Our understanding of AI has come a very long way in a short amount of time. But one issue we still have yet to crack is the prevalence of bias. And this seems especially troubling since AI does everything from determining if you should go to jail, to whether you get a job, to whether you should receive healthcare, and more. Efforts have been made to make algorithms less biased – like including greater diversity in training data – but issues persist. Recently, Google had to suspend their Gemini AI platform because of the images it was generating. Users reported that when they asked for pictures of Nazi soldiers in 1943, they would get images of multi-ethnic people in Nazi uniforms. Another user requested a picture of a medieval British king and received equally counterfactual content. Clearly our desire to combat social bias conflicts with our desire for accuracy. How should problems like this be addressed?
There are good reasons for wanting to prevent AI from producing content that reflects socially harmful bias. We don’t want it to simply reinforce past prejudice. We don’t want only images of men as doctors and lawyers and images of women as secretaries and nurses. If biases like these were systematic across AI, it could perpetuate social stereotypes. Presumably, we might instead desire that if we asked for images of a CEO at work, that a significant portion of the images would be women (regardless of past statistics).
A similar concern occurs when we consider generative AI’s handling of race. In order for algorithms to generate an image, it requires large amounts of training data to pull from. However, if there are biases in the training data, this can lead to biased results as well. If the training data contains mostly images of people with white skin and few images of people with black or brown skin, the algorithm will be less likely to generate images of black or brown skinned people in images and may struggle to reproduce different ethnic facial features. Research on facial recognition algorithms, for example, has demonstrated how difficult it can be to discern different skin tones without a diverse training dataset.

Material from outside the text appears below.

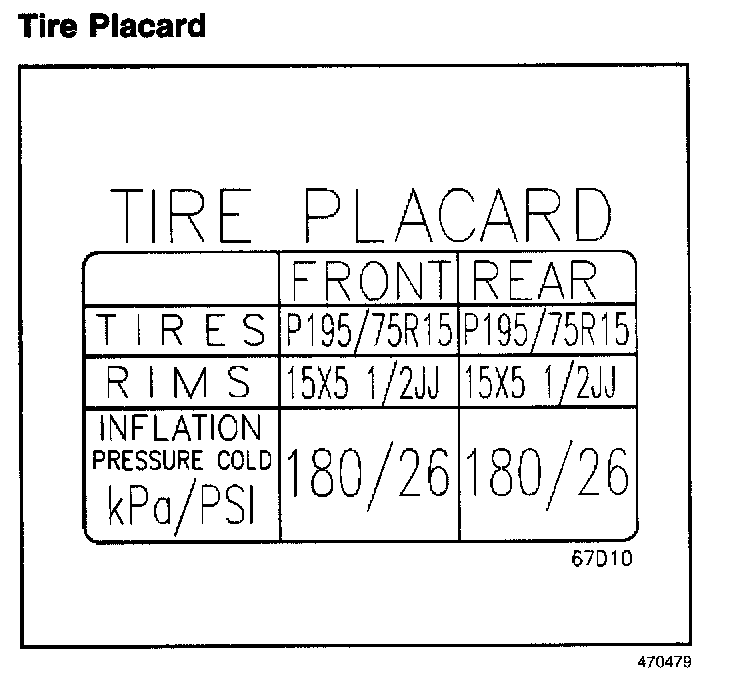 The tire placard is located on the left door lock pillar. Refer to the placard to obtain:

Correcting for these problems requires that developers be mindful of the kinds of assumptions they make when designing an algorithm and curating training data. As Timnit Gebru – who famously left Google over a dispute about ethical AI – has pointed out, “Ethical AI is not an abstract concept but is one that is in dire need of a holistic approach. It starts from who is at the table, who is creating the technology, and who is framing the goals and values of AI.” Without a serious commitment to inclusion, it will be impossible to catch bias before it gets reproduced again and again. It’s a system of garbage in, garbage out.
While biased AI can have real life significant impacts on people – such as the woman who lost her refugee status after a facial recognition algorithm failed to properly identify her, or the use of predictive policing and recidivism algorithms that tend to target Black people – there’s also the risk that in attempting to cleanse real-life biases from AI we distort reality. The curation of training data is a delicate balance. Attempts to purge the presence of bias from AI can go too far. The results may increasingly reflect the world as we ideally imagine it rather than as it actually is.
The Google Gemini controversy demonstrates this clearly: In attempting to create an algorithm featuring diverse people, it generates results that are not always true to life. If we return to the example of women CEOs, the problem is clearer. If someone performs a google image search of CEOs, it might mostly generate images of men and we might object that this is biased. Surely if a young person were to look up images of CEOs, we would want them to find examples other than men. Yet, in reality, women account for about ten percent of CEOs of fortune 500 companies. But, if the impression the public gets is the opposite, that women make up a far more significant number of CEOs than they actually do, they may not realize the real-life bias that exists. By curating an ideal AI version of our world, we cover up problems and become less aware of real-life bias and are less prepared to resolve those problems.
Consider an example like predictive policing where algorithms are often trained using crime data collected through biased policing. While we can attempt to correct the data, we should also be reminded of our responsibility to correct those practices in the first place. The reason an algorithm may not produce an image of a female CEO or that an algorithm predicts crime in poor neighborhoods is not the algorithm’s fault, it simply reflects what it sees. Correcting for bias in data may eventually go a long way towards correcting bias in society, but it can also create problems by distorting our understanding of society. There is moral risk in deciding the degree to which we want AI to reflect our own human ugliness back at us and the degree to which we want it to reflect something better.